Утром Монтальбано пришел в комиссариат в сером костюме, светло-голубой рубашке, галстуке приглушенных тонов и черных ботинках.

- Прямо загляденье, - оценил Мими Ауджелло.

Не говорить же ему, что он так вырядился, чтобы в девять тридцать вечера слушать сольный скрипичный концерт. Мими решил бы, что он рехнулся. И то сказать, во всей этой затее есть что-то безумное.

- Я сегодня иду на похороны, - пробормотал он.

У него в кабинете звонил телефон.

- Сальво? Это Анна. Только что мне позвонил Гвидо Серравалле.

- Из Болоньи?

- Нет, из Монтелузы. Сказал, что мой телефон ему уже давно дала Микела. Он знал, что мы дружим. Сейчас он приехал на похороны и остановился в «Делла Балле». Пригласил меня с ним пообедать, во второй половине дня он уезжает. Что мне делать?

- В каком смысле?

- Не знаю, я чувствую себя неловко.

- Почему?


- Комиссар? Говорит Эмануэле Ликальци. Вы придете на похороны?

- Да. Во сколько?

- В одиннадцать. Потом прямо из церкви гроб отправят в Болонью. Есть новости?

- Ничего существенного. Вы еще задержитесь в Монтелузе?

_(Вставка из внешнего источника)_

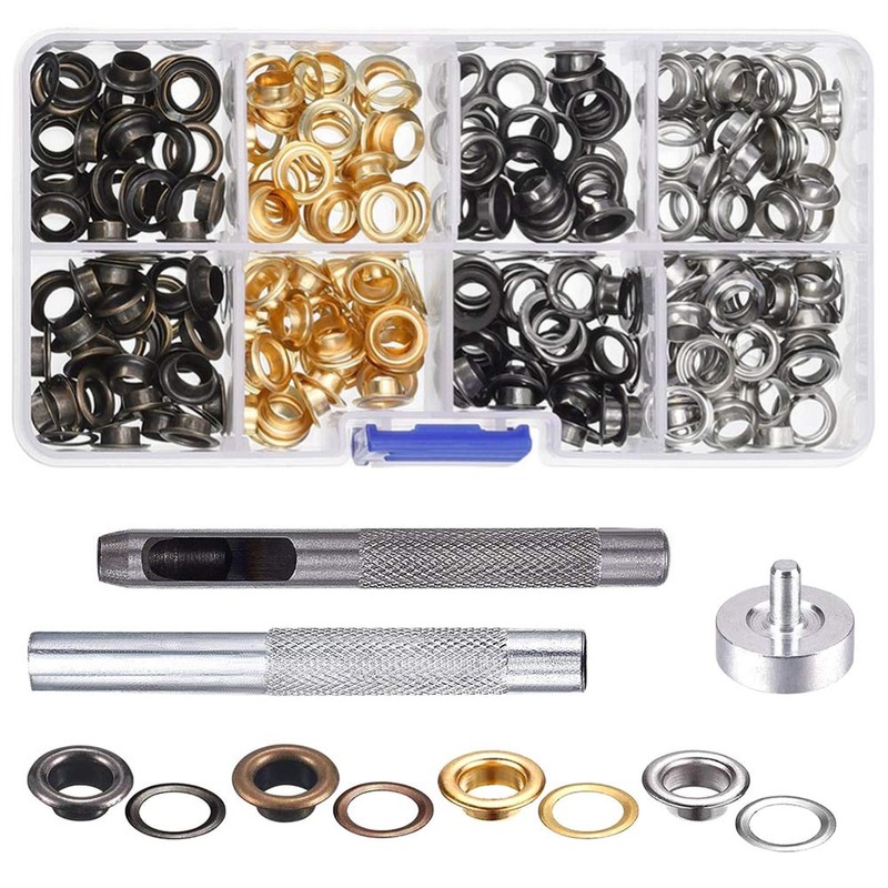 - Wide Applications The grommet kit is suitable for tarpaulins, tents, curtains, backpacks, leather work, repairs and decorations.

- До завтрашнего утра. Я должен договориться с агентством по недвижимости о продаже виллы. После обеда я поеду туда с агентом, он хочет все посмотреть. Ах да, вчера вечером я летел в одном самолете с Гвидо Серравалле. Он тоже приехал на похороны.

- Щекотливая ситуация, - вырвалось у комиссара.

- Вы так считаете?

Доктор Эмануэле Ликальци снова надел свою маску.


- Поторопитесь, вот-вот начнется, - сказала синьора Клементина, пригласив его в комнату рядом с гостиной. Они уселись. Ради такого случая синьора надела длинное вечернее платье. Выглядела она как постаревшая дама с портрета работы Джованни Болдини. Ровно в девять тридцать маэстро Барбера начал концерт. Спустя пять минут у комиссара появилось странное ощущение, от которого он никак не мог избавиться. Ему казалось, что поет не скрипка, а женский голос, умоляющий выслушать его и понять. Медленно, но уверенно звуки складывались в слоги или даже в слова, сливались в жалобный древний плач, который по временам достигал вершины трагизма. Этот тревожный женский голос рассказывал об ужасной тайне, которую сумеет постичь лишь тот, кто способен полностью отдаться музыке. Комиссар закрыл глаза, глубоко взволнованный и потрясенный. Но одного он не мог понять: раньше у скрипки был совсем другой тембр, не могла же она так измениться? Не открывая глаз, он позволил голосу увлечь себя за собой. И увидел, как входит на виллу, пересекает гостиную, открывает витрину, берет футляр от скрипки… Так вот что его так мучило; вот та деталь, которая выпадала из общей картины! Голова словно взорвалась от яркой вспышки, и он застонал, как от боли.

- Вы тоже расчувствовались? - спросила синьора Клементина, утирая слезу. - Он еще никогда так не играл.

В это мгновение концерт, по-видимому, как раз закончился, и синьора включила телефон, набрала номер и принялась аплодировать.